● **Records for processing**

--- START ---

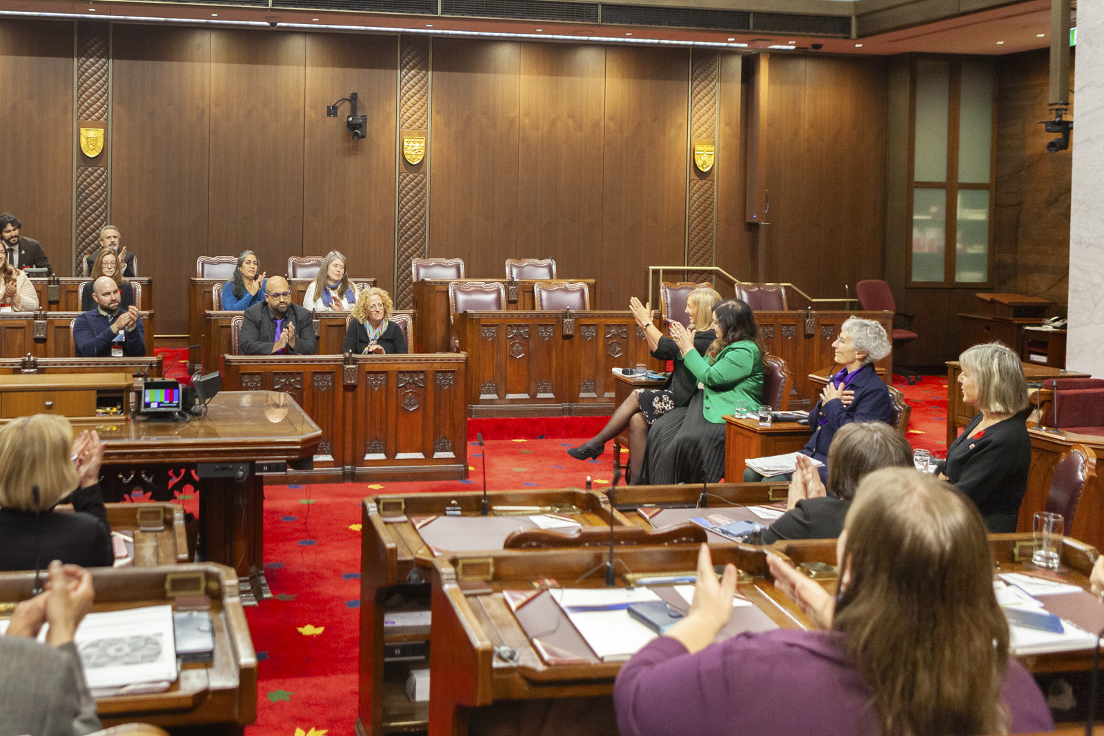 Le jeudi 2 novembre 2023 – Les sénatrices Patti LaBoucane-Benson, Salma Ataullahjan, Renée Dupuis et Marty Deacon; panel sur les perspectives des sénateurs dans le cadre du Forum des enseignants, coordonné par la Bibliothèque du Parlement et S’ENgage; Chambre du Sénat, Ottawa, Ontario. Crédit photo : J. Harrington/Icon Imaging
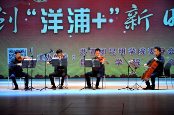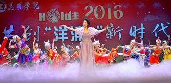 12月25日下午,昆明学院2016新年师生团拜暨文艺汇演在学生会堂隆重举行。全体校领导、中层干部、各院系团总支书记、辅导员及师生代表欢聚一堂,共迎2016美好明天。
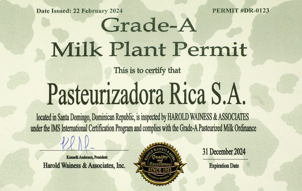 Este documento certifica que la Planta Rica cumple con la exigente norma “Pasteurized Milk Ordinance” (PMO), requerida para la elaboración y venta de productos lácteos en los E.E.U.U., convirtiéndose en miembro del selecto grupo de solo 10 empresas, fuera de los Estados Unidos, certificadas bajo este programa y la primera y única en el Caribe y Centroamérica.
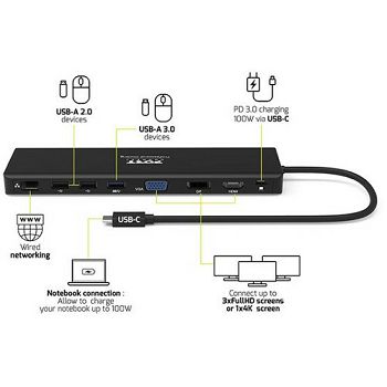 Port docking travel USB-C,1x4K ili 2xFHD, do 100W
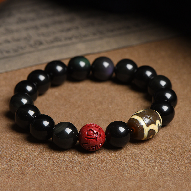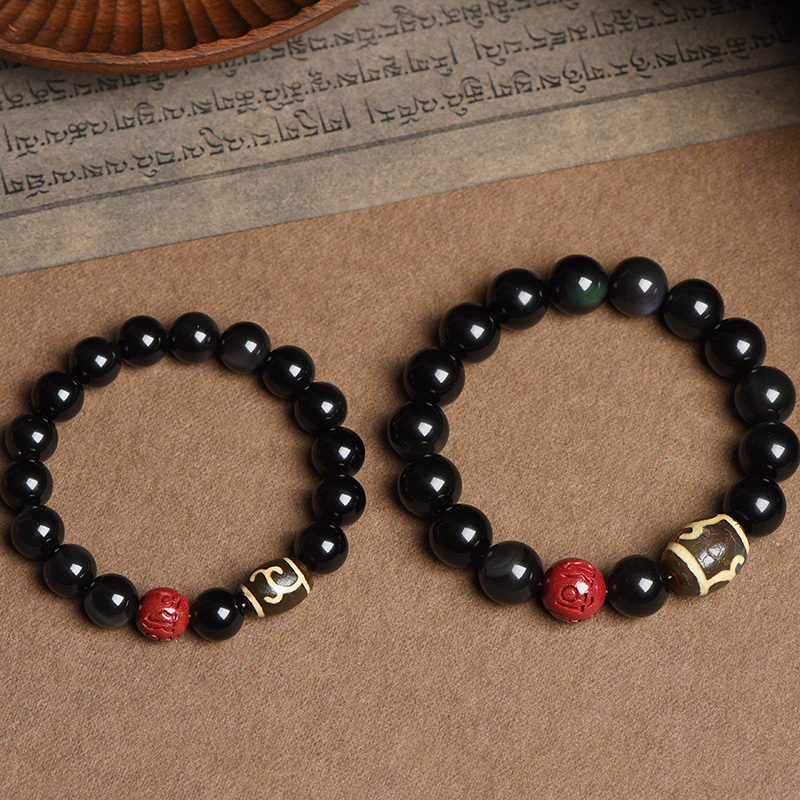 九转喜合天珠玛瑙本命年天然西藏真品黑曜石手链原石朱砂手串情侣
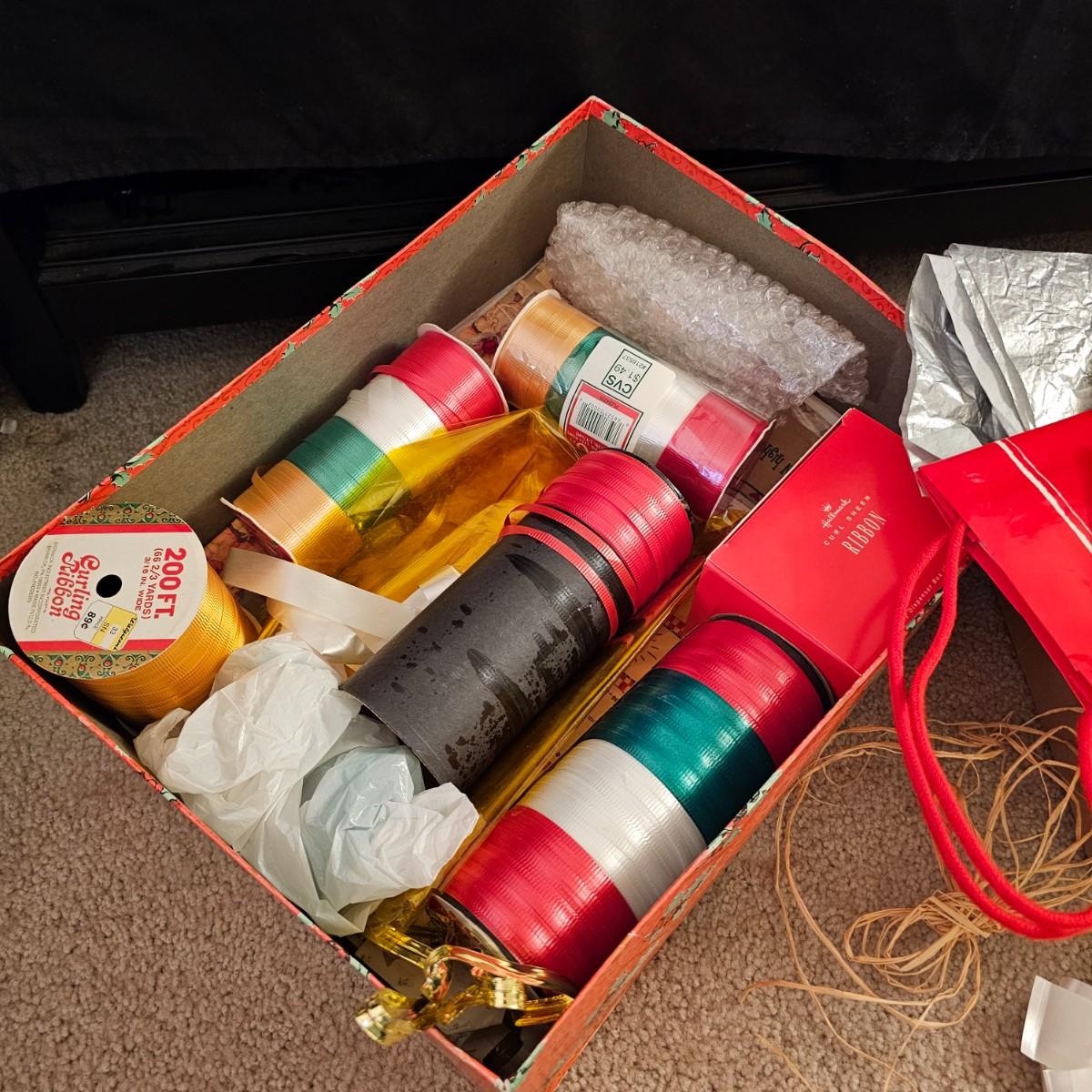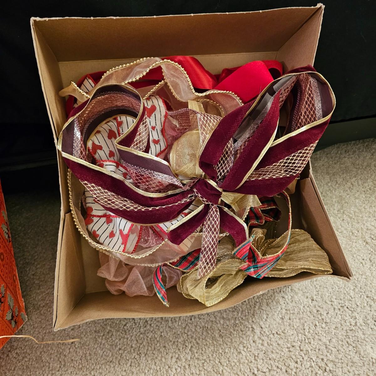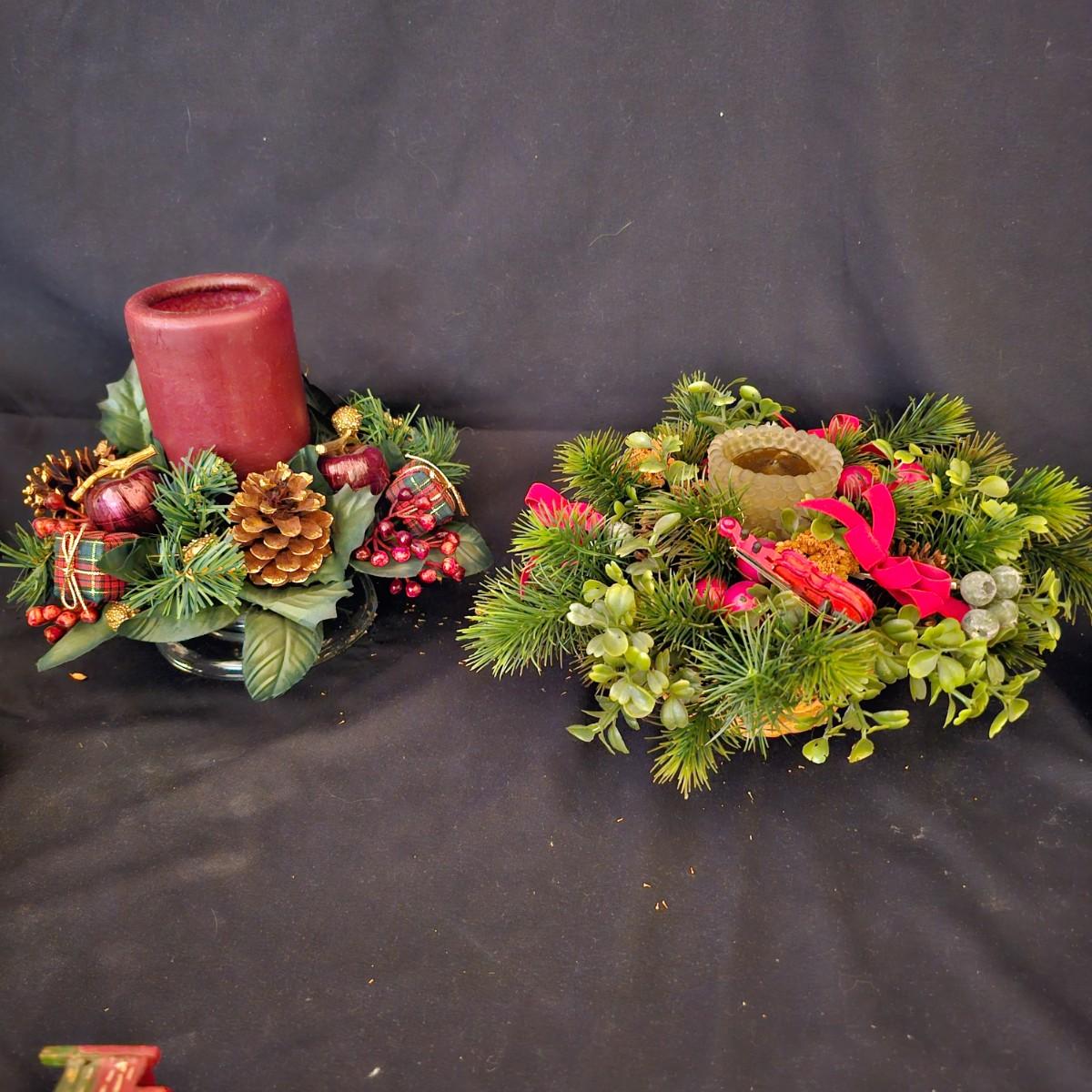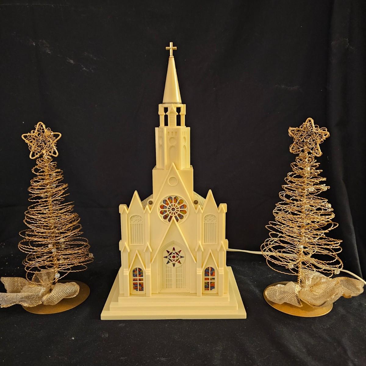 A varied collection of Christmas decor, wrap, ornaments and more. Boxed cards, candles, centerpieces, more. White church powered on when plugged in. Other lights not tested. Includes one fall cornucopia piece, the rest are Christmas. One Limoges porcelain igloo candle holder, one set Goebel nativity figures. See photos for details. Shipping available.

--- END ---

● **What you will do**
Could you set down, exactly as written, every line from the one with "九转喜合天珠玛瑙本命年天然西藏真品黑曜石手链原石朱砂手串情侣" to the end of the data, both ends included? Leave out the pictures.

● **Written answer**
 九转喜合天珠玛瑙本命年天然西藏真品黑曜石手链原石朱砂手串情侣
 A varied collection of Christmas decor, wrap, ornaments and more. Boxed cards, candles, centerpieces, more. White church powered on when plugged in. Other lights not tested. Includes one fall cornucopia piece, the rest are Christmas. One Limoges porcelain igloo candle holder, one set Goebel nativity figures. See photos for details. Shipping available.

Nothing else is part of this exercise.